IIRC, one of the places were we do this iteratoin is in the setup of the 
discovered lists. Maybe move the comment to that place, if you want to 
keep it?

StefanK

>
> Thanks,
> Bengt
>
>
> On 2011-09-15 00:24, John Cuthbertson wrote:
>> Hi Everyone,
>>
>> A new webrev that incorporates (most of) the suggestions made by 
>> everyone can be found at: 
>> http://cr.openjdk.java.net/~johnc/6484982/webrev.4/
>>
>> Summary:
>>  * Added explanation about the _is_alive_non_header value being 
>> optional.
>>  * removed the G1_DEBUG code
>>  * Clarified the comment in ReferenceProcessor::weak_oops_do etc to 
>> say that the code in the comment is an alternative implmentation of 
>> the loop.
>>  * Moved the assert that _discovering_refs is false and that there 
>> are no refs discovered into ReferenceProcessor::enable_discovery. 
>> Bengt/Stefan  were correct in that I needed to flags to 
>> enable_discovery which had a knock on effect.

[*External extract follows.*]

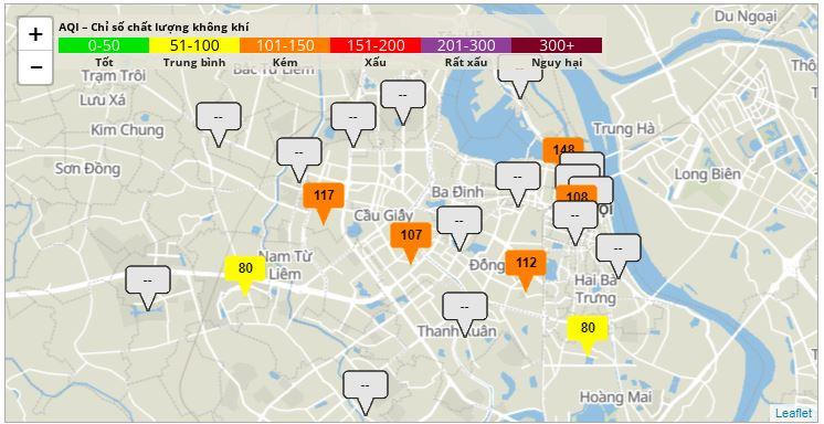 Cụ thể, trong 7 trạm đo thì có 5 trạm có chất lượng không khí (AQI) ở mức kém là: Mỹ Đình, Chi cụ Bảo vệ Môi trường, Kim Liên, Hoàn Kiếm, Hàng Đậu. Có 2 trạm đo có chất lượng không khí ở mức trung bình là Tây Mỗ và Tân Mai.

>>  * Added a helper routine to set the discovered field for use in 
>> ReferenceProcessor::balance_queues(). Note that in the other calls to 
>> set_discovered we either really need the barrier or we don't care 
>> except when enqueuing on to a discovered list or balancing the 
>> discovered lists, where we explicitly do not want a barrier.
>>
>> I'll be submitting RFEs for the other valid suggestions that were made.
>>
>> Sanity Testing: The entire GC test suite with G1 with a low marking 
>> threshold; for the other collectors (serial, parallel, par old, CMS 
>> w/ ParNew, CMS w/o ParNew) I ran the GC test suite version of specjvm98.
>>
>> Thanks,
>>
>> JohnC
>>
>> On 09/09/11 14:19, John Cuthbertson wrote:
>>> Hi Everyone,
>>>
>>> I have sync'ed these changes up to and including the changeset 
>>> 2660:3bddbf0f57d6 which was for "7087717: G1: make the 
>>> G1PrintRegionLivenessInfo parameter diagnostic" including merging 
>>> with Stefan's and Ramki's reference processor changes. As part of 
>>> merging I changed to code that preserves objects that referenced 
>>> from the discovered lists of the concurrent mark's reference 
>>> processor to use the DiscoveredListIterator class. This necessitated 
>>> moving DiscoveredListIterator and some of its methods 
>>> referenceProcessor.hpp.
>>>
>>> The new webrev can be found at: 
>>> http://cr.openjdk.java.net/~johnc/6484982/webrev.3/
>>>
>>> Testing: the GC test suite with a marking threshold of 20% (with 
>>> heap verification enabled) and KitchenSink.
>>>
>>> JohnC
>>>
>>>
>>> On 08/17/11 11:15, John Cuthbertson wrote:
>>>> Hi Everyone,
>>>>
>>>> A new webrev for these changes can be found at: 
>>>> http://cr.openjdk.java.net/~johnc/6484982/webrev.2/
>>>>
>>>> The changes in this webrev reverse the order of preserving objects 
>>>> referenced from the concurrent mark ref processor's discovered 
>>>> lists and processing references discovered by the STW ref 
>>>> processor. Preserving the objects referenced from the concurrent 
>>>> mark ref processor's discovered lists comes first so that any 
>>>> object that needs to be copied is done so before reference processing.
>>>>
>>>> JohnC
>>>>
>>>> On 08/03/11 10:44, John Cuthbertson wrote:
>>>>> Hi Everyone,
>>>>>
>>>>> A new webrev incorporating some feedback from Ramki can be found 
>>>>> at: http://cr.openjdk.java.net/~johnc/6484982/webrev.1/
>>>>>
>>>>> Thanks,
>>>>>
>>>>> JohnC
>>>>>
>>>>> On 06/23/11 14:35, John Cuthbertson wrote:
>>>>>> Hi Everyone,
>>>>>>
>>>>>> I would like to get a couple of volunteers to review the code 
>>>>>> changes for this CR - the webrev can be found at 
>>>>>> http://cr.openjdk.java.net/~johnc/6484982/webrev.0/
>>>>>>
>>>>>> Summary:
>>>>>> G1 now contains 2 instances of the reference processor class - 
>>>>>> one for concurrent marking and the other for STW GCs (both full 
>>>>>> and incremental evacuation pauses). For evacuation pauses, during 
>>>>>> object scanning and RSet scanning I embed the STW reference 
>>>>>> processor into the OopClosures used to scan objects. This causes 
>>>>>> reference objects to be 'discovered' by the reference processor. 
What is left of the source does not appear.